Horizon Backtesting Example

Replay historical prediction market data through the exact same pipeline you use in live trading. Get equity curves, trade logs, Sharpe ratios, Brier scores, and CSV exports from a single function call.

Full Code

"""Backtest a simple market maker on historical prediction market data."""

import horizon as hz
from horizon.context import FeedData


def fair_value(ctx: hz.Context) -> float:
    feed = ctx.feeds.get("default", FeedData())
    return feed.price if feed.price > 0 else 0.50


def quoter(ctx: hz.Context, fair: float) -> list[hz.Quote]:
    skew = ctx.inventory.net * 0.002
    return hz.quotes(fair - skew, spread=0.06, size=5)

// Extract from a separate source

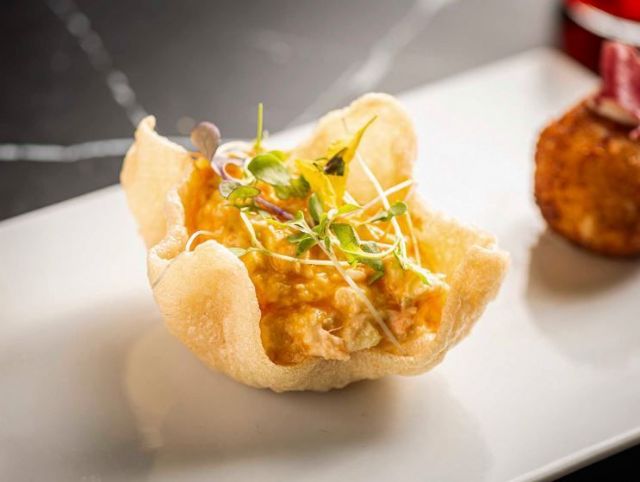 Con cuchara se come también una de sus ensaladas, concretamente la Capresse, con cremoso de queso, tomates cherry asados, brotes, pesto y frutos secos; y rebañando pan, su Arroz de pato con magret y mahonesa de chipotle, uno de los platos estrella de la casa. Tampoco fallan los Tacos de bacalao a la romana con pesto y tomate frito, la Oreja cerdo, brava, lima y tajín o la crujiente Manita de cerdo semi deshuesada con salsa de callos y ensalada; y para tapear en su atractiva barra o en la ‘golosa’ terraza de verano con una caña o un vermut, chacinas, sus contundentes gildas caseras, Chicharrón de Cádiz con aceite de limón y cebollino, o una Degustación de quesos con guarnición seleccionada por la formadora gastronómica experta en quesos Ana Belén Goznález Pinos. Para acompañar, una buena selección de vinos —algunos de ellos por copas— generosos y dulces, espumosos; blancos nacionales e internacionales; y una especial presencia de tintos de muchas D.O. españolas y también argentinos, franceses o portugueses, con un rango muy amplio de precios, desde 22 € hasta más de 300 la botella.
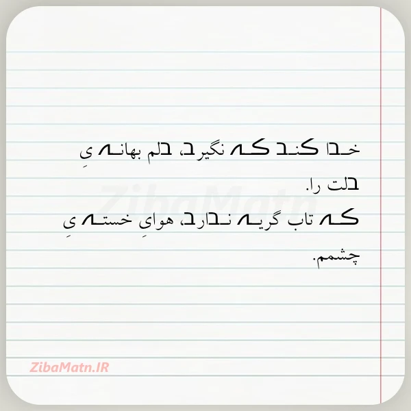خـבا ڪنـב ڪـہ نگیرב، בلم بهانـہ یِ בلت را. ڪـہ تاب گریـہ نـבارב، هوایِ خستـہ یِ چشمم.

# Generate sample data: price oscillating around 0.50
data = [
    {"timestamp": float(i), "price": 0.50 + 0.05 * ((-1) ** i) * (i % 10) / 10}
    for i in range(500)
]

result = hz.backtest(
    name="simple_mm_backtest",
    markets=["test-market"],
    data=data,
    pipeline=[fair_value, quoter],
    risk=hz.Risk(max_position=50, max_drawdown_pct=10),
    initial_capital=100.0,
)

print(result.summary())
print(f"\nTrades: {len(result.trades)}")
print(f"Final equity: ${result.equity_curve[-1][1]:.2f}")

# Export
result.to_csv("equity.csv", what="equity")
result.to_csv("trades.csv", what="trades")

How It Works

The backtest engine replays your data through the same pipeline that hz.run() uses in live trading:

Data normalization: Your input (dicts, CSV, or DataFrame) is converted into a chronological timeline of Tick objects with timestamp, price, bid, ask, and volume fields.
Timeline construction: All ticks across all feeds are merged into a single sorted timeline. Each timestamp carries forward the latest state of every feed (carry-forward interpolation).
Pipeline execution: At each tick, the engine builds a Context with current feed data and inventory, then runs your pipeline functions in order. The output quotes are submitted to the internal paper exchange.
Paper matching: The paper exchange matches resting orders against the current feed price. Fills update positions and P&L.
Metrics computation: After all ticks are processed, BacktestResult lazily computes Sharpe, Sortino, Calmar, drawdown, win rate, profit factor, and prediction-market-specific metrics like Brier score.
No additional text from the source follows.